→ **WHAT YOU SHOULD DO**:
Print, word for word, the opening line of the data below and every line after it through the line that contains "Summer Maxi Dress", but not the pictures.

→ **SUPPLIED RECORDS**:
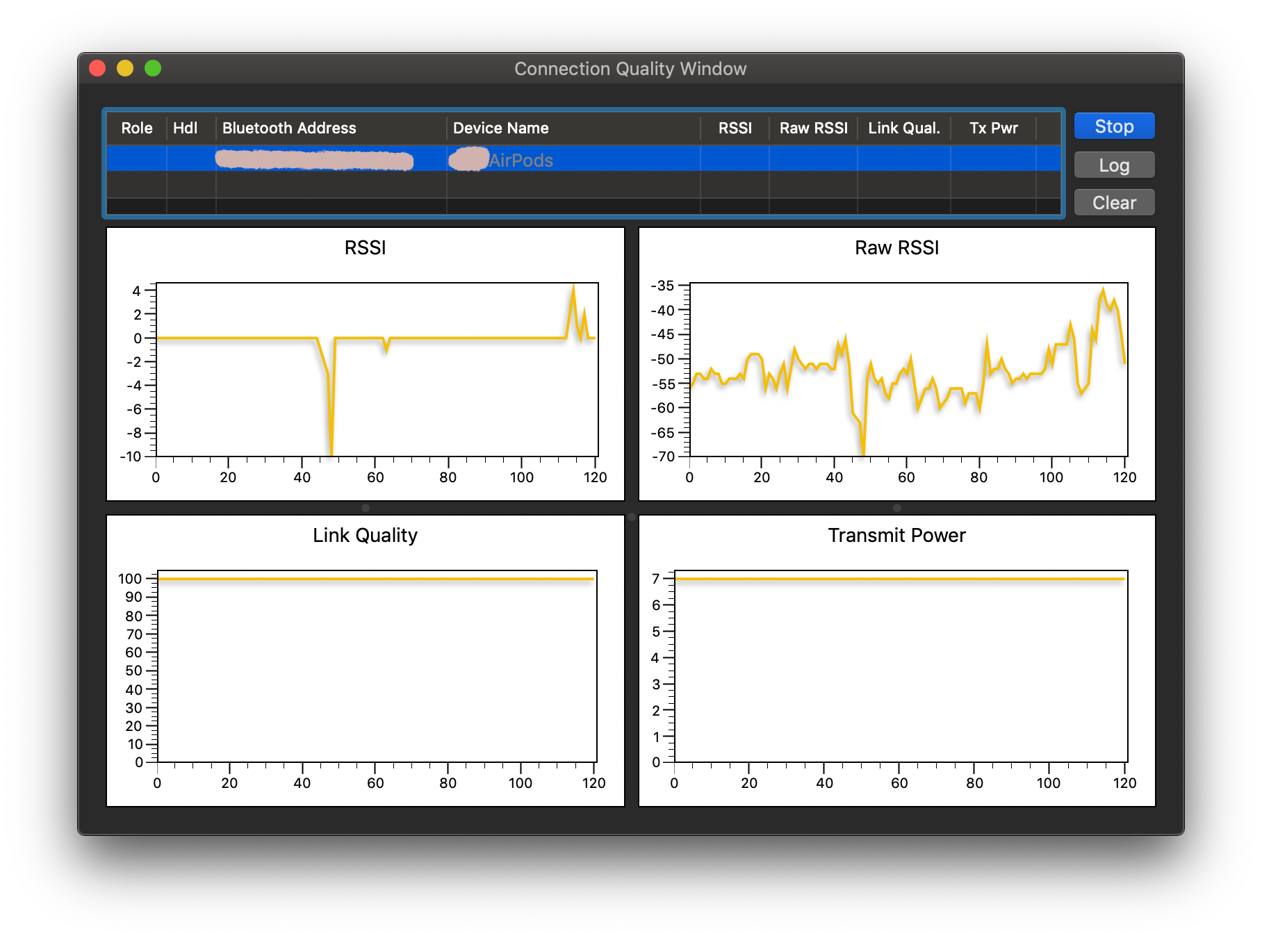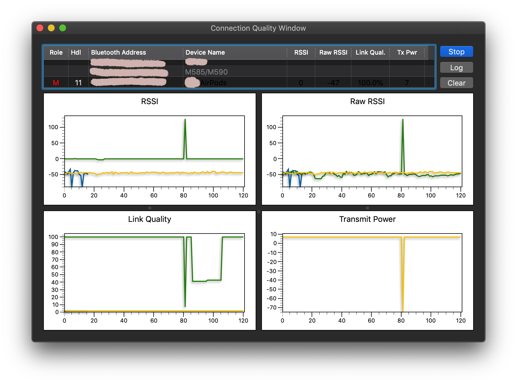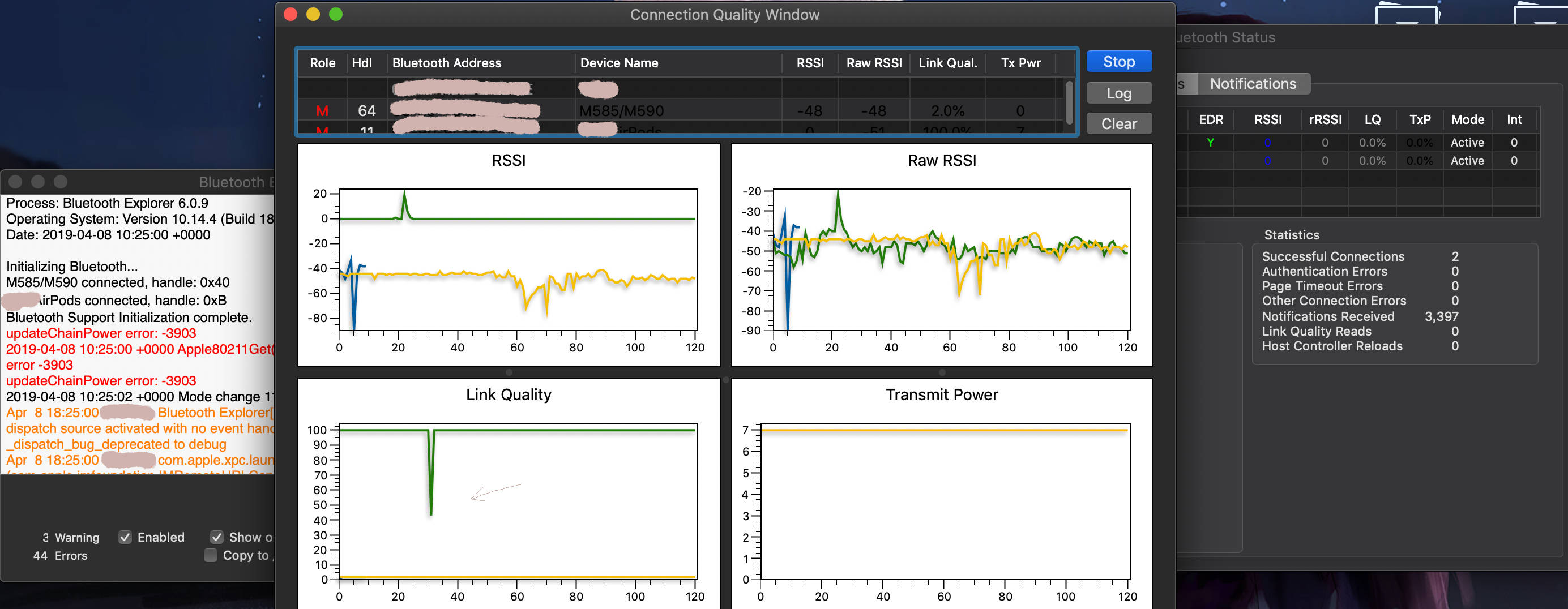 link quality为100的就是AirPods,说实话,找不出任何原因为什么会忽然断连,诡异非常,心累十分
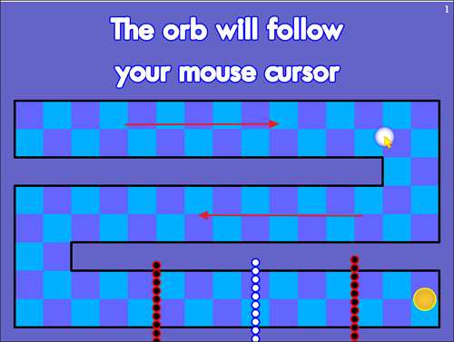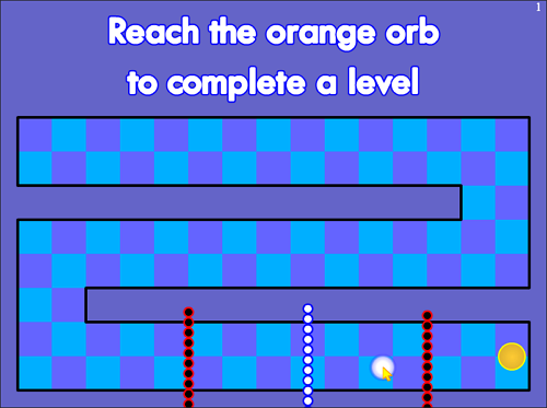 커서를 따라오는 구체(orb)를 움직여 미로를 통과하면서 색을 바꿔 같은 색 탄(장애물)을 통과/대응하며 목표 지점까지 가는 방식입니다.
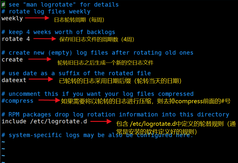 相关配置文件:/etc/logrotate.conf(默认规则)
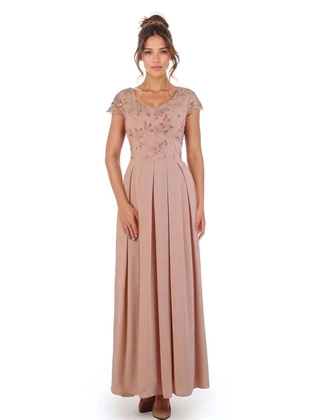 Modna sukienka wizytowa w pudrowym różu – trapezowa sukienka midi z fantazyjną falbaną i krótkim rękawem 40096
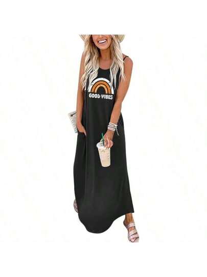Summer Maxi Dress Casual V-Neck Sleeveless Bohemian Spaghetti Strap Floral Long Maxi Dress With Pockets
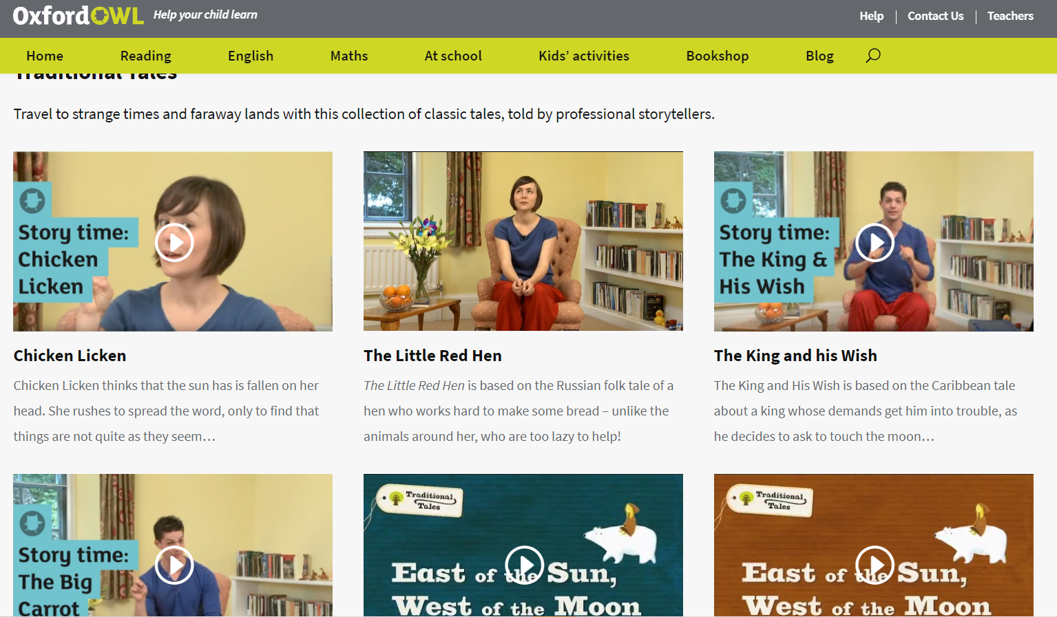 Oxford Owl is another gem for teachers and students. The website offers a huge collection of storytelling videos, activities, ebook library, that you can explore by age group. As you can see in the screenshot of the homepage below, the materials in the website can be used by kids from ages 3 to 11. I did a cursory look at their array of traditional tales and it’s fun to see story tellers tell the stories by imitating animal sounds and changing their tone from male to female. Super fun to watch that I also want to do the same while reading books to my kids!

→ **ANSWER TO THIS TASK**:
 link quality为100的就是AirPods,说实话,找不出任何原因为什么会忽然断连,诡异非常,心累十分
 커서를 따라오는 구체(orb)를 움직여 미로를 통과하면서 색을 바꿔 같은 색 탄(장애물)을 통과/대응하며 목표 지점까지 가는 방식입니다.
 相关配置文件:/etc/logrotate.conf(默认规则)
 Modna sukienka wizytowa w pudrowym różu – trapezowa sukienka midi z fantazyjną falbaną i krótkim rękawem 40096
Summer Maxi Dress Casual V-Neck Sleeveless Bohemian Spaghetti Strap Floral Long Maxi Dress With Pockets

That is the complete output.